▶ [Data]
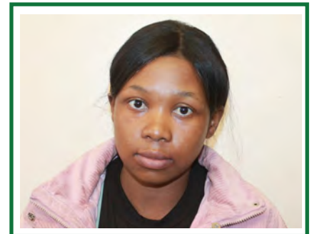
Ndawonde N. Finance Inserve
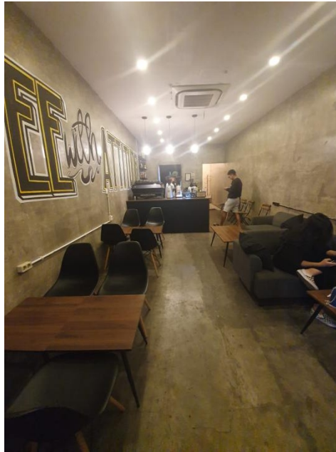
Picture 3.3 Sacks Coffee
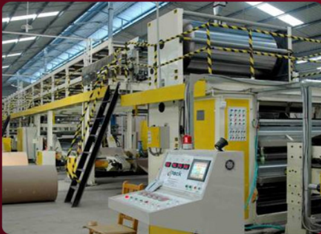
Automatic 3-5-7 Ply Corrugation Plant Installation
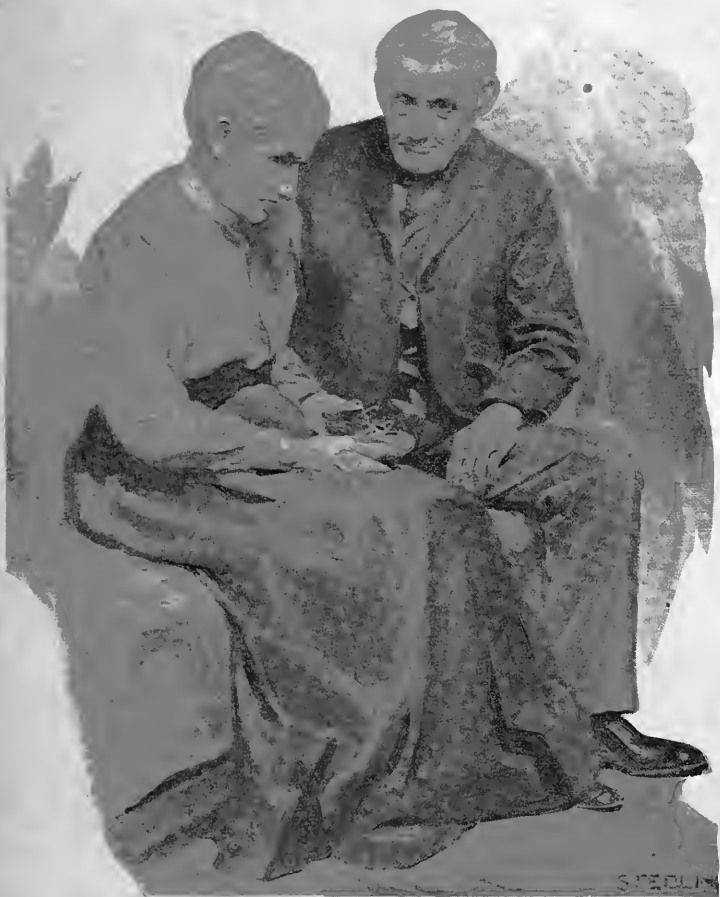
The Lonesome Time o' Night
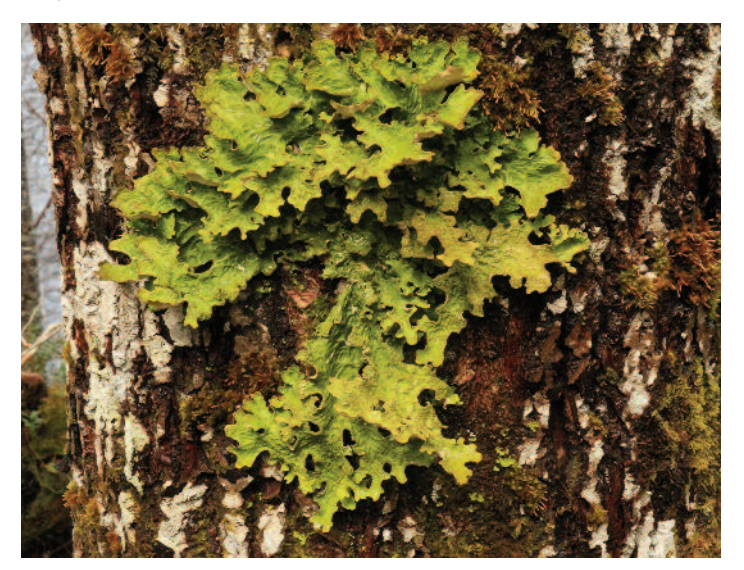
Tree lungwort on the trunk of a goat willow (Salix capraea) in Glen Affric.

Tree lungwort is a widely-distributed species, occurring in much of the northern part of the northern hemisphere. Its range encompasses central, northern and western Europe (including the UK and Ireland), Russia, China, Tibet, India and Iran, and it also occurs in the epiphyte-rich laurel forests of Madeira and the Canary Islands, off the northwest coast of Africa. In North America it is distributed along the west coast from Alaska to central California, and in the east from Newfoundland south through the Appalachian Mountains and in the Great Lakes region. Tree lungwort has also been recorded in the cloud forests of Costa Rica.
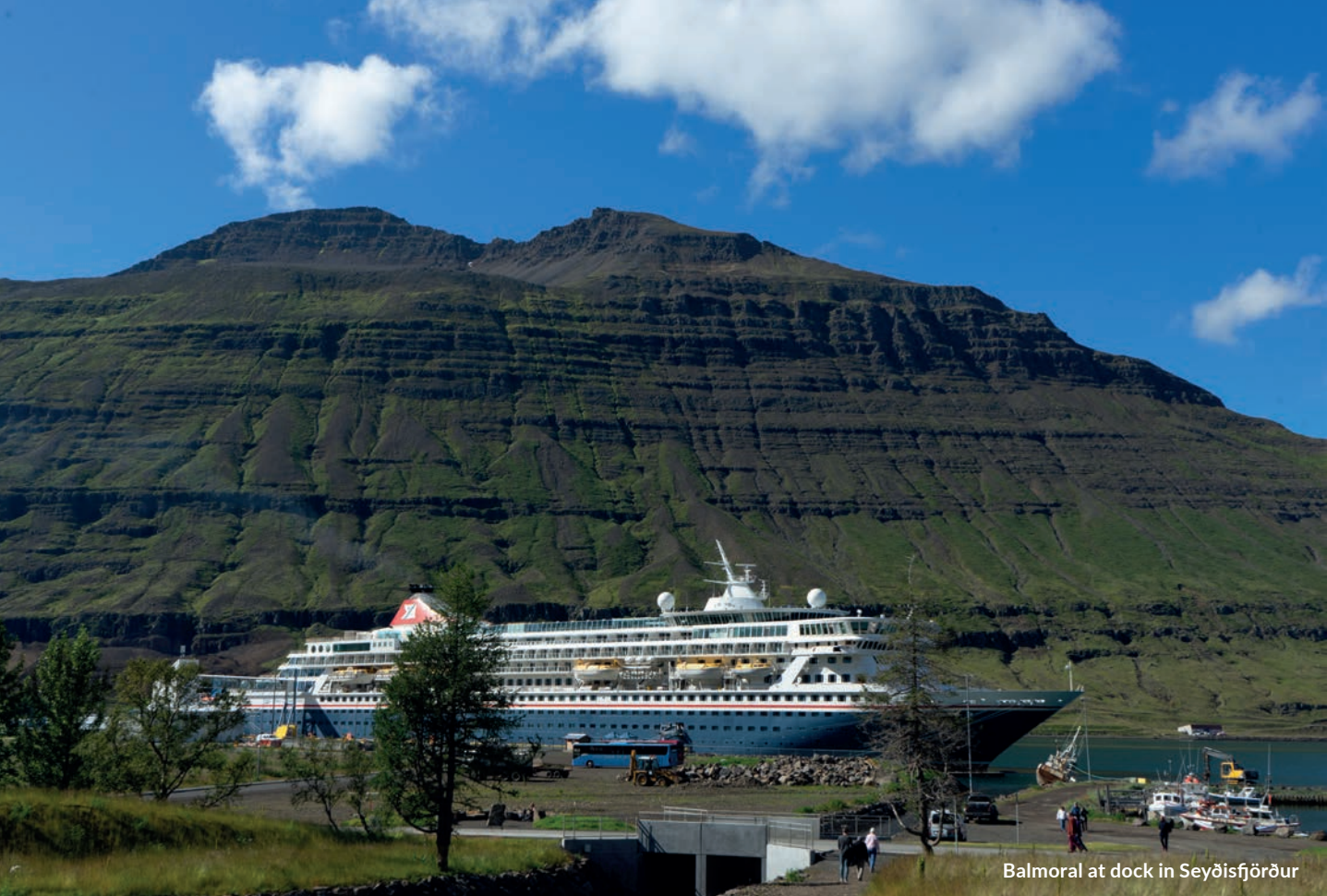
Balmoral at dock in Seyðisfjörður
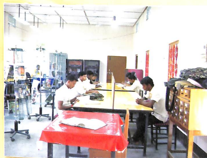
Student Reading Room, Central Library
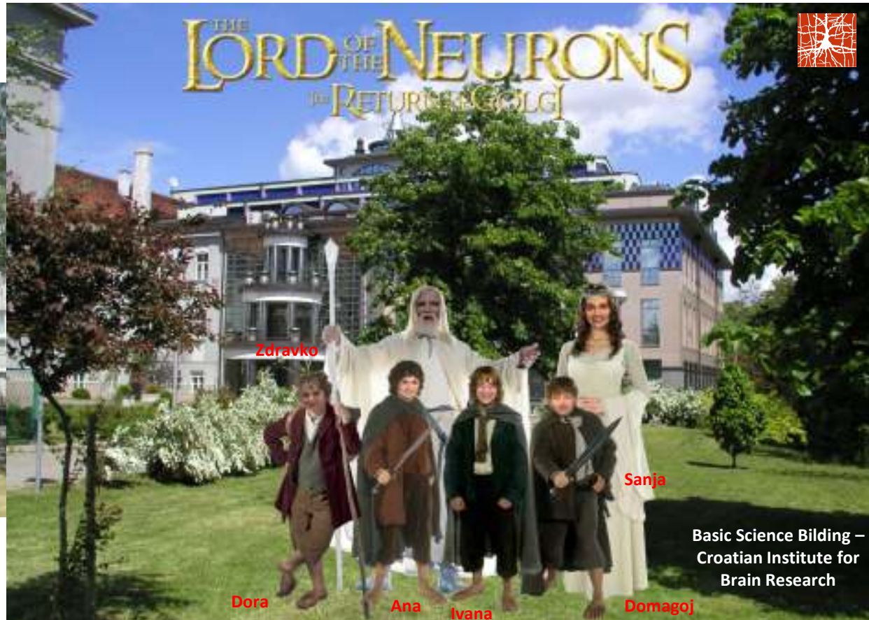
Basic Science Bilding – Croatian Institute for Brain Research
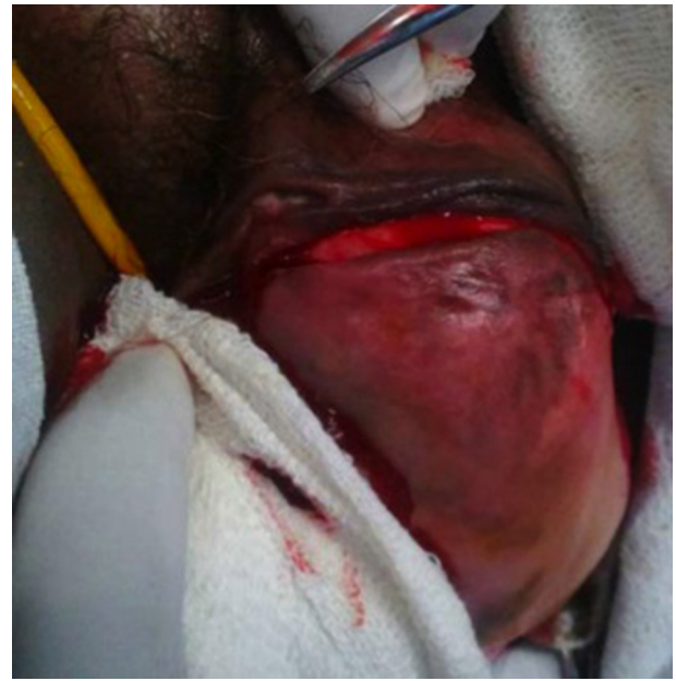
Figure 3. Intraoperative Photograph Showing Incision Over the Clitoral Mass With Preservation of the Tip of Clitoris

Thyroid function tests and chest X-ray findings were insignificant. Contrast enhanced computed tomography
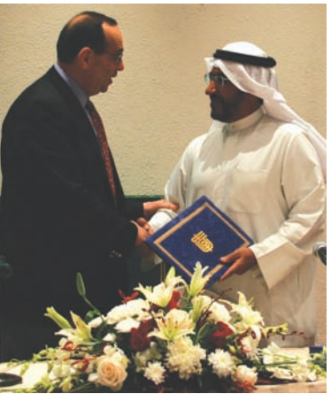
ICBA and KISR Director Generals after signing the MoU

established during the 10th General Assembly Meeting of the Standing
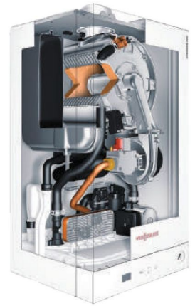
050-W showing components
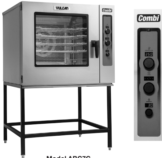
Model ABC7G (shown on stand)
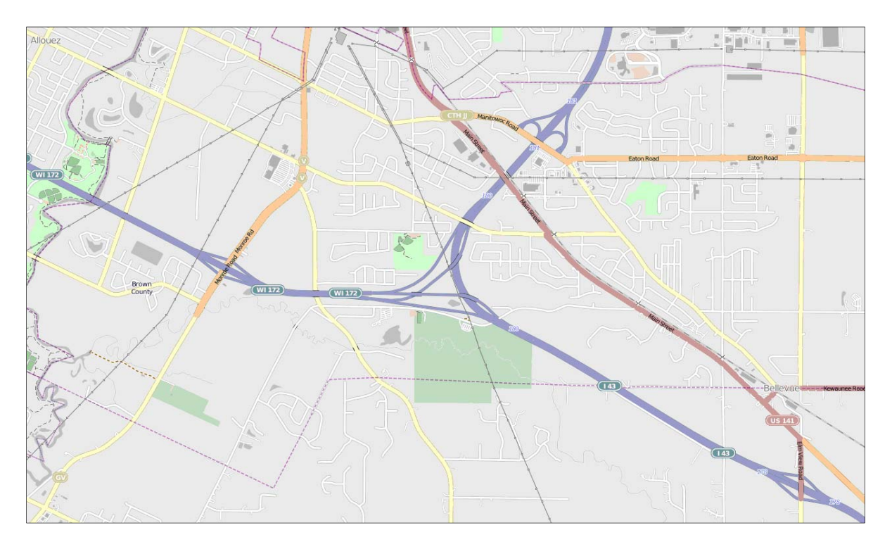
Figure 2. Map of I-43 & WIS 172 Interchange, Bellevue, Wisconsin

The procedure is tolerant of a limited amount of missing or surrogate count data. For example, most Wisconsin freeways have counts on ramps and basic freeway segments, but not on the short segments between ramps at an interchange, and this situation is easily accommodated as in the Table 1 example. The process is also reasonably tolerant of the use of old data as a surrogate when some of the newer data is unavailable (for example, combining current mainline counts with a combination of old and new ramp counts). Nevertheless, there are some instances where balancing is thwarted by incomplete data. For example, if an exit splits into two downstream ramps and only one of them has been counted, the missing ramp's volume must be collected in order to determine the total volume (without this data the balancing process can produce misleading results or fail entirely).
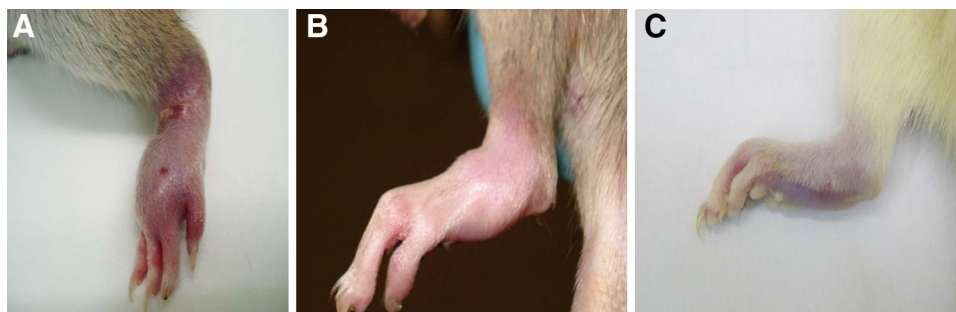
Fig. 2 Appearance of rat hind paws with arthritis following different doses of pristane. a Note swelling, redness and start of skin lesions. b Ankylosis at the chronic phase; histology shows active inflammation. The animals shown in a and b reached the humane endpoint and

The humane endpoints for each study will depend upon factors including its aims, the stage at which sufficient data are obtained, and sometimes whether a predetermined
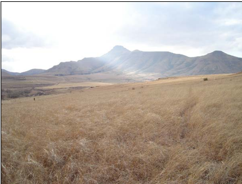
Fig.8 View from Craig Rossie towards Clarens across the area of development.
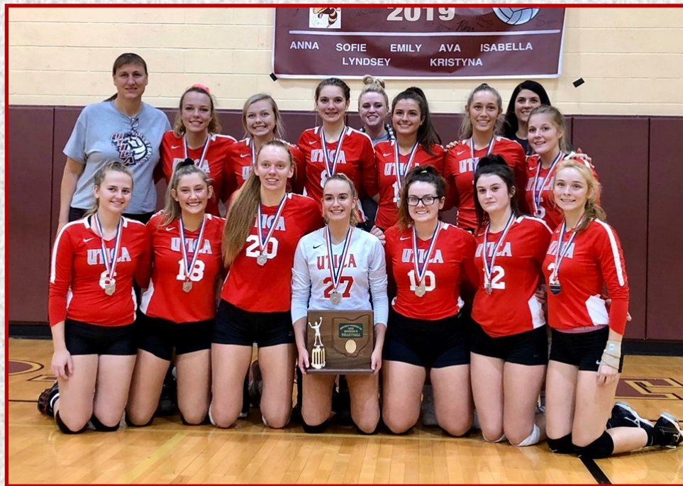
Congratulations Utica Volleyball Team! LCL Cardinal Division Co-Champions District Runner-Up
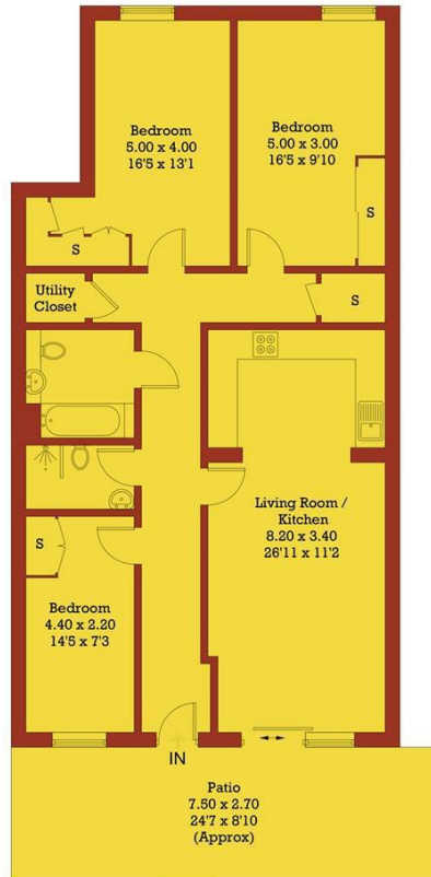
Illustration for identification purposes only, measurements are approximate, not to scale. FloorplansUsketch.com © 2020 (ID701621)
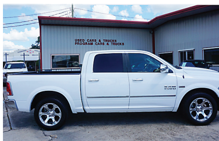
16 RAM 1500 Laramie
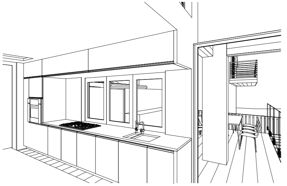
KITCHEN VIEW 1
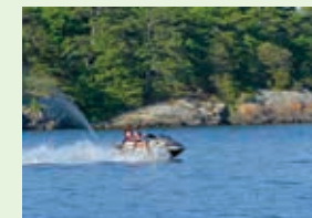
Wellesley Island State Park

Burnham Point + Canoe-Picnic Point + Cedar Island* + Cedar Point Coles Creek Cumberland Bay Dewolf Point Eel Weir Grass Point Higley Flow Jacques Cartier Keewaydin Kring Point Long Point Macomb Reservation Mary Island + Point Au Roche Robert Moses Southwick Beach Waterson Point* + Wellesley Island Westcott Beach Whetstone Gulf
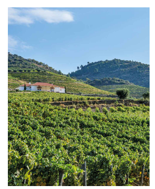
QUINTA DO BOMFIN

Pinhão, and Quinta da Senhora da Ribeira in the Douro Superior. These two vineyards consistently produce some of the finest wines when the climatic conditions are favourable. Their grapes are amongst the best that the Douro can produce. In recent years, two other properties — Quinta da Cerdeira and Quinta do Cabeço — both of which are a few kilometres from Senhora da Ribeira, have made important contributions to the blend. Cerdeira is a south-facing vineyard enjoying good exposure through the growing and ripening cycles during the summer, providing for well-ripened grapes that produce intense, well-structured wines. The Cabeço has a range of exposures to the sun giving an interesting selection of wines.
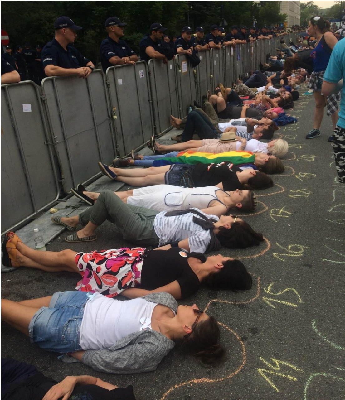
Activists mourning the “death of democracy” at the Parliament on 20 July 2017 after the announcement that the Sejm had adopted the amendment to the Law on the Supreme Court.

Protesters featured in this report are referred to by their real first name with the exception of a small number of individuals who preferred to remain anonymous for fear of potential negative consequences to their personal and professional lives. The names of protesters who lodged complaints against the police are mentioned in full with their informed consent.
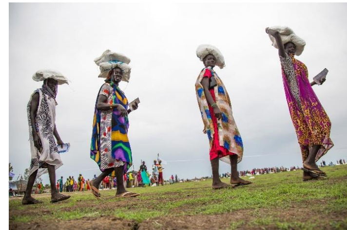
May 2017, Beneficiaries receive livelihood kits in Ganyiel County, Unity
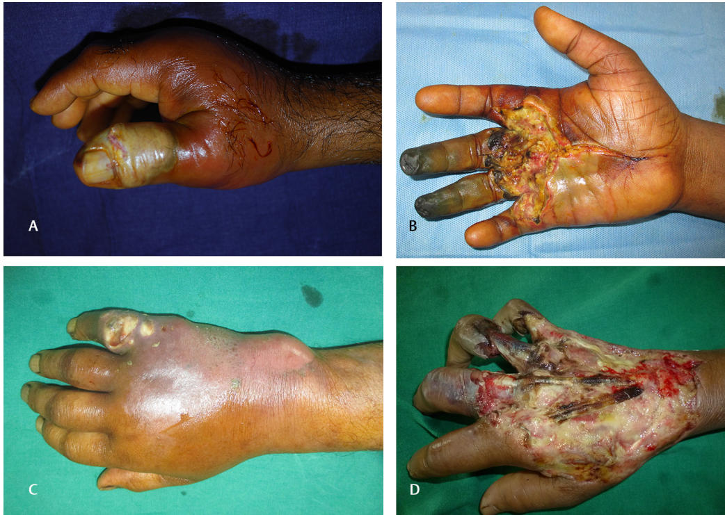
Fig. 1 (A, B, C and D) Varied presentation ranging from paronychia to necrotizing fasciitis.

underwent two or more surgeries. Flap division and surgical syndactyly separation were excluded from this count. Seven patients needed repeat debridement, and 17 patients underwent reconstructive surgery in the form of tendon repair (1), split thickness skin grafts (5), local transposition flap (1), cross finger flap (3) and groin/hypogastric flap (7) (►Figs. 3, 4 and 5, 4 and 5). Primary flap cover was done in 3 out of the 11 patients who underwent flap cover. In the other eight patients, the mean time interval between debridement and flap cover was 15 days. The skin grafts showed 100% take, and all the flaps survived. The mean duration of hospital stay was 6 days.
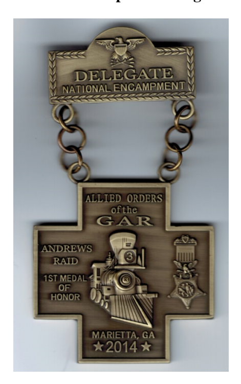
Souvenir 133<sup>rd</sup> National Encampment Medal
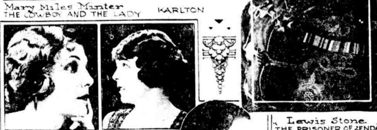
Mary Miles Minter THE COWBOY AND THE LADY KARLTON
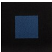
589 Black Navy
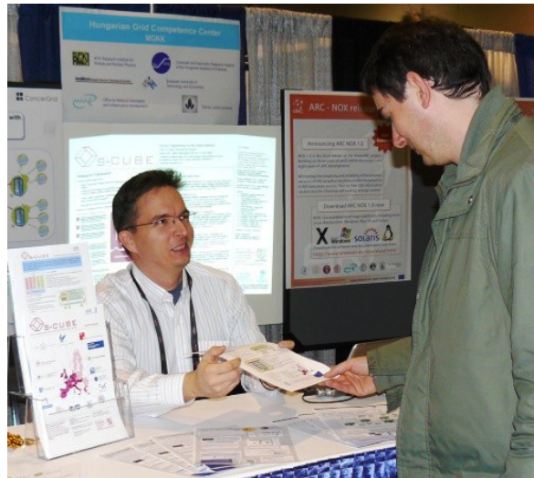
Figure 3: SZTAKI's booth at SC'09

S-Cube leaflets were made available at their booth (see Figure 3) and S-Cube slides have been projected.
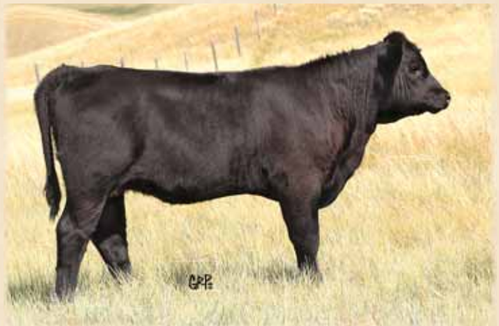
Lot 122A - Ranchers Choice Kathlene 74D
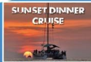
SUNSET DINNER CRUISE

▶ [Assignment] Please output every entry above exactly, without the pictures.

▶ [Written answer]
Ndawonde N. Finance Inserve
Picture 3.3 Sacks Coffee
Automatic 3-5-7 Ply Corrugation Plant Installation
The Lonesome Time o' Night
Tree lungwort on the trunk of a goat willow (Salix capraea) in Glen Affric.

Tree lungwort is a widely-distributed species, occurring in much of the northern part of the northern hemisphere. Its range encompasses central, northern and western Europe (including the UK and Ireland), Russia, China, Tibet, India and Iran, and it also occurs in the epiphyte-rich laurel forests of Madeira and the Canary Islands, off the northwest coast of Africa. In North America it is distributed along the west coast from Alaska to central California, and in the east from Newfoundland south through the Appalachian Mountains and in the Great Lakes region. Tree lungwort has also been recorded in the cloud forests of Costa Rica.
Balmoral at dock in Seyðisfjörður
Student Reading Room, Central Library
Basic Science Bilding – Croatian Institute for Brain Research
Figure 3. Intraoperative Photograph Showing Incision Over the Clitoral Mass With Preservation of the Tip of Clitoris

Thyroid function tests and chest X-ray findings were insignificant. Contrast enhanced computed tomography
ICBA and KISR Director Generals after signing the MoU

established during the 10th General Assembly Meeting of the Standing
050-W showing components
Model ABC7G (shown on stand)
Figure 2. Map of I-43 & WIS 172 Interchange, Bellevue, Wisconsin

The procedure is tolerant of a limited amount of missing or surrogate count data. For example, most Wisconsin freeways have counts on ramps and basic freeway segments, but not on the short segments between ramps at an interchange, and this situation is easily accommodated as in the Table 1 example. The process is also reasonably tolerant of the use of old data as a surrogate when some of the newer data is unavailable (for example, combining current mainline counts with a combination of old and new ramp counts). Nevertheless, there are some instances where balancing is thwarted by incomplete data. For example, if an exit splits into two downstream ramps and only one of them has been counted, the missing ramp's volume must be collected in order to determine the total volume (without this data the balancing process can produce misleading results or fail entirely).
Fig. 2 Appearance of rat hind paws with arthritis following different doses of pristane. a Note swelling, redness and start of skin lesions. b Ankylosis at the chronic phase; histology shows active inflammation. The animals shown in a and b reached the humane endpoint and

The humane endpoints for each study will depend upon factors including its aims, the stage at which sufficient data are obtained, and sometimes whether a predetermined
Fig.8 View from Craig Rossie towards Clarens across the area of development.
Congratulations Utica Volleyball Team! LCL Cardinal Division Co-Champions District Runner-Up
Illustration for identification purposes only, measurements are approximate, not to scale. FloorplansUsketch.com © 2020 (ID701621)
16 RAM 1500 Laramie
KITCHEN VIEW 1
Wellesley Island State Park

Burnham Point + Canoe-Picnic Point + Cedar Island* + Cedar Point Coles Creek Cumberland Bay Dewolf Point Eel Weir Grass Point Higley Flow Jacques Cartier Keewaydin Kring Point Long Point Macomb Reservation Mary Island + Point Au Roche Robert Moses Southwick Beach Waterson Point* + Wellesley Island Westcott Beach Whetstone Gulf
QUINTA DO BOMFIN

Pinhão, and Quinta da Senhora da Ribeira in the Douro Superior. These two vineyards consistently produce some of the finest wines when the climatic conditions are favourable. Their grapes are amongst the best that the Douro can produce. In recent years, two other properties — Quinta da Cerdeira and Quinta do Cabeço — both of which are a few kilometres from Senhora da Ribeira, have made important contributions to the blend. Cerdeira is a south-facing vineyard enjoying good exposure through the growing and ripening cycles during the summer, providing for well-ripened grapes that produce intense, well-structured wines. The Cabeço has a range of exposures to the sun giving an interesting selection of wines.
Activists mourning the “death of democracy” at the Parliament on 20 July 2017 after the announcement that the Sejm had adopted the amendment to the Law on the Supreme Court.

Protesters featured in this report are referred to by their real first name with the exception of a small number of individuals who preferred to remain anonymous for fear of potential negative consequences to their personal and professional lives. The names of protesters who lodged complaints against the police are mentioned in full with their informed consent.
May 2017, Beneficiaries receive livelihood kits in Ganyiel County, Unity
Fig. 1 (A, B, C and D) Varied presentation ranging from paronychia to necrotizing fasciitis.

underwent two or more surgeries. Flap division and surgical syndactyly separation were excluded from this count. Seven patients needed repeat debridement, and 17 patients underwent reconstructive surgery in the form of tendon repair (1), split thickness skin grafts (5), local transposition flap (1), cross finger flap (3) and groin/hypogastric flap (7) (►Figs. 3, 4 and 5, 4 and 5). Primary flap cover was done in 3 out of the 11 patients who underwent flap cover. In the other eight patients, the mean time interval between debridement and flap cover was 15 days. The skin grafts showed 100% take, and all the flaps survived. The mean duration of hospital stay was 6 days.
Souvenir 133<sup>rd</sup> National Encampment Medal
Mary Miles Minter THE COWBOY AND THE LADY KARLTON
589 Black Navy
Figure 3: SZTAKI's booth at SC'09

S-Cube leaflets were made available at their booth (see Figure 3) and S-Cube slides have been projected.
Lot 122A - Ranchers Choice Kathlene 74D
SUNSET DINNER CRUISE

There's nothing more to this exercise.